Reverence of Nature - Pagans hold the world around us as sacred. In it we can find the gods, and with it we can reach greater understanding of creation. Many pagans are 'green', or environmentally friendly. Some pagans feel very connected to nature, becoming expert in the recognition of wild flowers and herbs, and their uses. Pagans are usually very aware of the rhythms of the earth: tides, phases of the moon, and the cycles of the year.

A few stereotypes that just aren't true!
Old hags flying around on broomsticks - A broom, if used at all, is used for sweeping, symbolically cleansing an area, and some pagans are quite young!

Satanists - Pagans do not worship satan, and usually do not have a concept of evil. Actions are right and wrong, and there is sometimes a karmic/threefold law or equivalent that whatever you do comes back to you three times over. Satan is a Christian concept, but the notion of satanic worship by pagans or witches probably stems from the pagan god figure, often portrayed as a man with the legs of an animal, representing his closeness to beasts; the body of a man, showing his closeness to man; and the antlers of a stag, representing kingship.

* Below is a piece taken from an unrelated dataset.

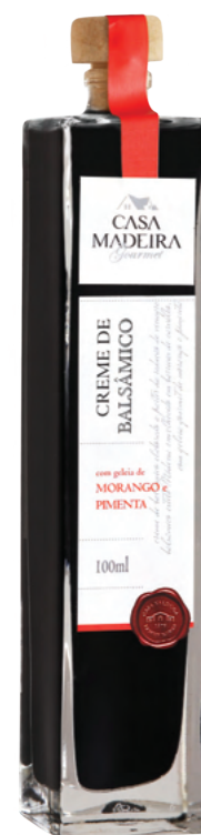
Com geleia de Morango com Pimenta - 100ml CB102UN

Murderers who perform human sacrifices - Although we cannot know how the pagan traditions were celebrated hundreds of years ago, modern paganism has no place for human or animal sacrifice. Any 'sacrificial act' in worship or ritual will be symbolic – something given up to demonstrate reverence or worship. For example, it is tradition in some parts of England for pagans to cast wine and bread into the sea as a libation or homage to the goddess.

Cultists - As each person is their own priest/priestess, it is not necessary for a pagan to ever join with others in order to worship. We have no central authority making decisions for us, and although some pagans may choose to work in groups or covens, they are usually free and open.

Crazy - We may seem strange or different, but we are not crazy! Many pagans choose never to tell their friends and family of their beliefs. No one usually guesses.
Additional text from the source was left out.